When he is too tired to stand he sits again, straddling a branch as big around as his newly narrow waist, and leaning back against the trunk he is aware for the first time of hunger and thirst, of the dryness of the air after so much rain. The ground is waterlogged, the rough ridged bark of the tree still damp, a smell of wet growth and decay rising up through the branches. In the course of the first day no one comes, and once it is dark he can see so little he has to rely on his hearing. While day is a time of distant machine noises, cars and aircraft, beeping construction equipment and howling sirens, night settles into its natural cacophony of owls, winds, and the leaf-crunching movements of animals he can no longer see. Staring into the navy black ground below, listening, he keeps himself awake. An owl is close, whinnying a long descending note that makes Paul quake and hold himself. At some point he sleeps, stirring only late the next morning when he hears voices and looks down to see the child led by the Washington woman straight to the old stone steps of the storm cellar. He forgot to lock the doors to the cellar, left one of them wide open, and the containment door itself will be unlocked as well. He is as careless as his father always suspected.

“There used to be a house here, an old house, older than my house was. It burned down a long time before I was even born,” he hears the widow say.

“And this was part of the house?” the boy asks, as the two of them pull more branches away from the entrance.

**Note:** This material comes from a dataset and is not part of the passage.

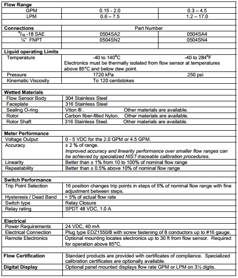 美國Proteus 500系列計量流量開關特性:

“This is all that’s left of that place. Deeper in the woods, closer to the river, there’s a chimney and a fireplace, all made of stones. That belonged to a log cabin once upon a time but the walls fell down and rotted years ago. My mother would take me there and we’d sit inside on a hot afternoon because it was so cool and quiet. Deer used to come up to the window and stare at us.”

“Can we go down there?” the boy asks, pointing into the cellar.

The woman opens the other door and leans into the dark cavity. He does not breathe. If her vision is acute enough to see in the dark she will discover his lair. A moment later she comes back up.

“Better not,” she says. “The ceiling might not be safe. Come on, I’ll show you the chimney.”

He exhales as the two of them walk north through the woods, disappearing beyond his sight. The widow will have seen evidence, the marks of human presence on the floor of the cellar, on the steps, all the scratchings and leavings, smelled odors of body and breath. He waits until they return, the boy and the widow, walking up to the fence he built, placing a key in the lock, letting themselves into the backyard and locking the door behind them as if they expect the arrival of savages.

Struggling for breath he props his back against the trunk, dizzied from watching the woman and child and knowing they were never aware of him. If he could watch them, vulnerable as they were, then anyone might be watching him. Even if he managed to get back into the cellar, someone might follow him, see him enter, discover his hiding place, flush him out. All it would take is a muffling of the ventilation shaft hidden in the hollowed-out trunk that stands not twenty paces from the stairs to the cellar. They could smoke him out, gas him, force him to come fleeing into the open where there would be no choice but to present himself armed, to go out battling for his liberty.